▸ PROBLEM TO WORK ON: Quote only the span from the first line of the entries to the line containing "Apribottiglie in metallo", both ends kept. Leave every picture out.

(Source data)
╭──
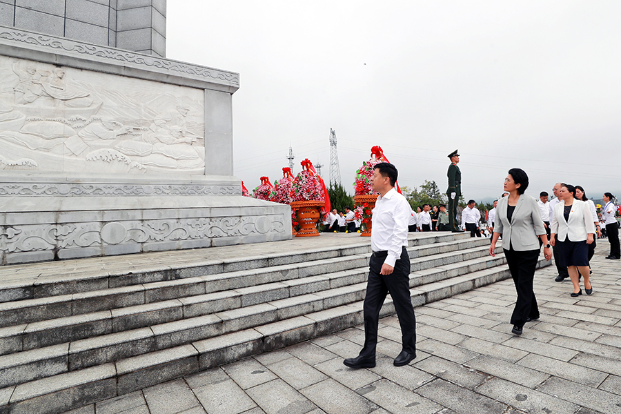 州领导与各界代表缓步绕行,瞻仰烈士纪念碑。州政府网 周兴云 摄
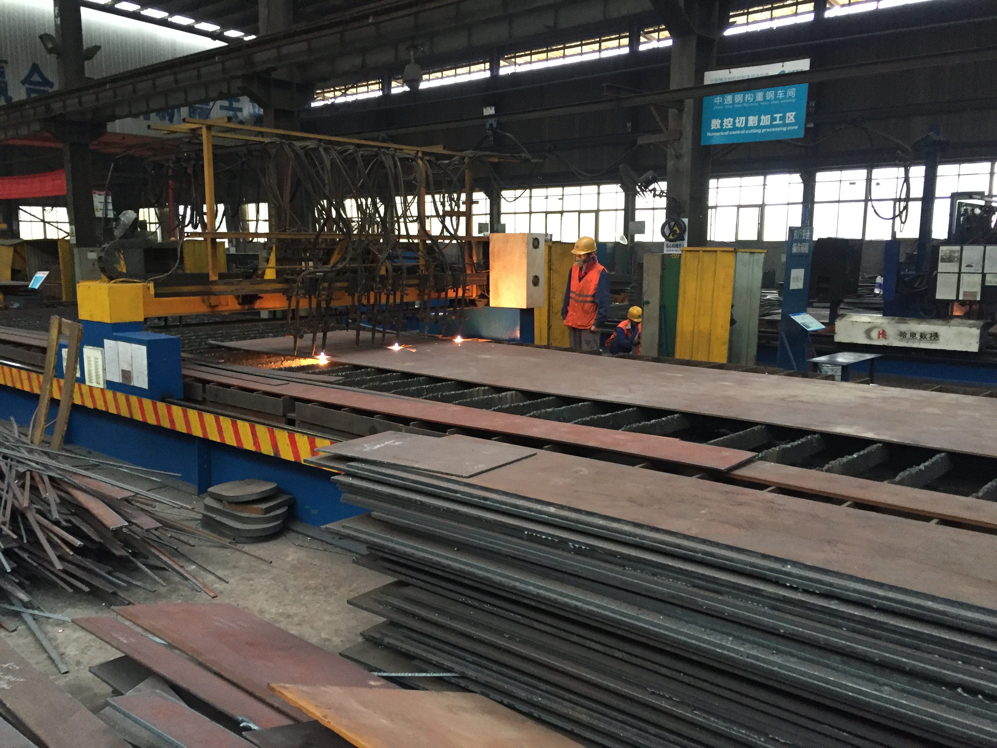 2017年2月9日,鋼主塔加工現(xiàn)場。
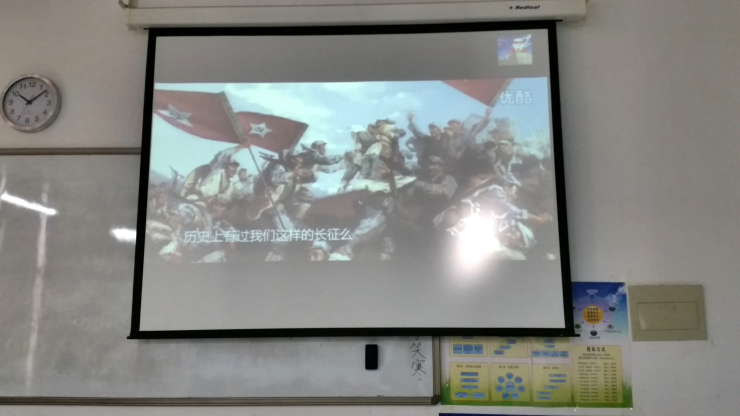活动开始前由14汉本团支书作简要讲解,然后让大家看《长征》的电影和红军长征胜利80周年习近平讲话。在观看电影的时候,同学们被红军艰难困苦却还勇往直前的精神所感动,看到红军们四渡赤水、巧渡金沙江,不禁心生敬意。在电影播放期间,教室里雅雀无声。电影结束时,有些同学的眼眶还是红的。
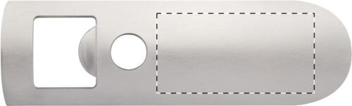 Apribottiglie in metallo confezionato in una scatolina di cartoncino nero.
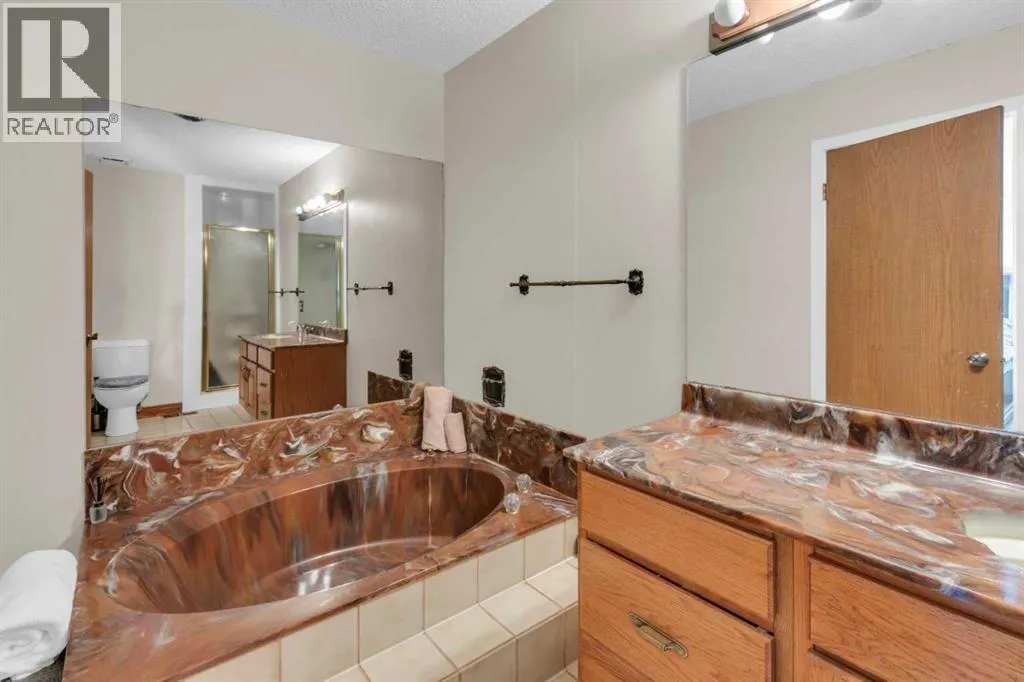 HOME SWEET HOME! Youâre going to fall in love with this SPECTACULAR WALK-UP BUNGALOW in the heart of the extremely sought-after NW community of EDEGEMONT, perfectly nestled on a quiet family-friendly cul-de-sac on a LARGE LOT! This home is immaculately maintained and loaded with original charm and character that is rare to find these days. Offering 6 bedrooms, 3 Full bathrooms and 3,471+ fully finished, move-in ready SQFT of living space. Heading inside past the amazing curb appeal you will instantly notice the incredible pride of ownership and attention to detail. The main floor offers a spacious foyer with built-in shelving, the stylish living room with Vaulted ceilings and large windows that floods the house in natural sunlight, formal dining area (currently an office/piano room), a gourmet chefâs kitchen with quartz countertops with peninsula breakfast bar, premium stainless steel appliances, built-in coffee nook and ample cabinet space, a bright kitchen nook with bay window, a cozy family room with brick wood burning fireplace perfect for those cool winter nights and patio doors leading to your huge back yard! Completing the main floor are 3 great sized bedrooms including the primary retreat complete with a 4 piece ensuite with a vintage 2 person soaking tub and separate shower and a full 4 piece bathroom. The fully finished walk-up basement with a separate entrance is perfect for a growing family or future investment/rental potential. The basement features 3 more large bedrooms (including another primary bedroom), 3 piece bathroom, laundry room, spacious recreation room with kitchenette and wet bar which walks out to a covered patio and utility room with tons of storage space. MAJOR UPDATES include a New Lennox furnace (2023), two hot water tanks (2018), energy-efficient triple-pane windows with new window coverings (2020), and CENTRAL AIR CONDITIONING. Outside, you will find a double attached garage with 4 driveway parking spots and the massive, fully f enced and beautifully manicured backyard with a balcony, huge patio with tons of space for barbequing and entertaining, and a convenient shed with a hot tub building (rough-in). You canât beat this DREAM LOCATION thatâs perfect for outdoor enthusiasts steps from Nose Hill Park with access to three off-leash dog parks and over 30 kms of scenic walking and biking pathways, desirable schools- Edgemont School, Tom Baines School and Sir Winston Churchill, Nose Hill Park, public transportation, shopping and a close drive to Downtown Calgary. MUST VIEW! Book your private viewing of this GEM today! (id:27476)
╰──
▸ ANSWER TO THIS TASK:
 州领导与各界代表缓步绕行,瞻仰烈士纪念碑。州政府网 周兴云 摄
 2017年2月9日,鋼主塔加工現(xiàn)場。
活动开始前由14汉本团支书作简要讲解,然后让大家看《长征》的电影和红军长征胜利80周年习近平讲话。在观看电影的时候,同学们被红军艰难困苦却还勇往直前的精神所感动,看到红军们四渡赤水、巧渡金沙江,不禁心生敬意。在电影播放期间,教室里雅雀无声。电影结束时,有些同学的眼眶还是红的。
 Apribottiglie in metallo confezionato in una scatolina di cartoncino nero.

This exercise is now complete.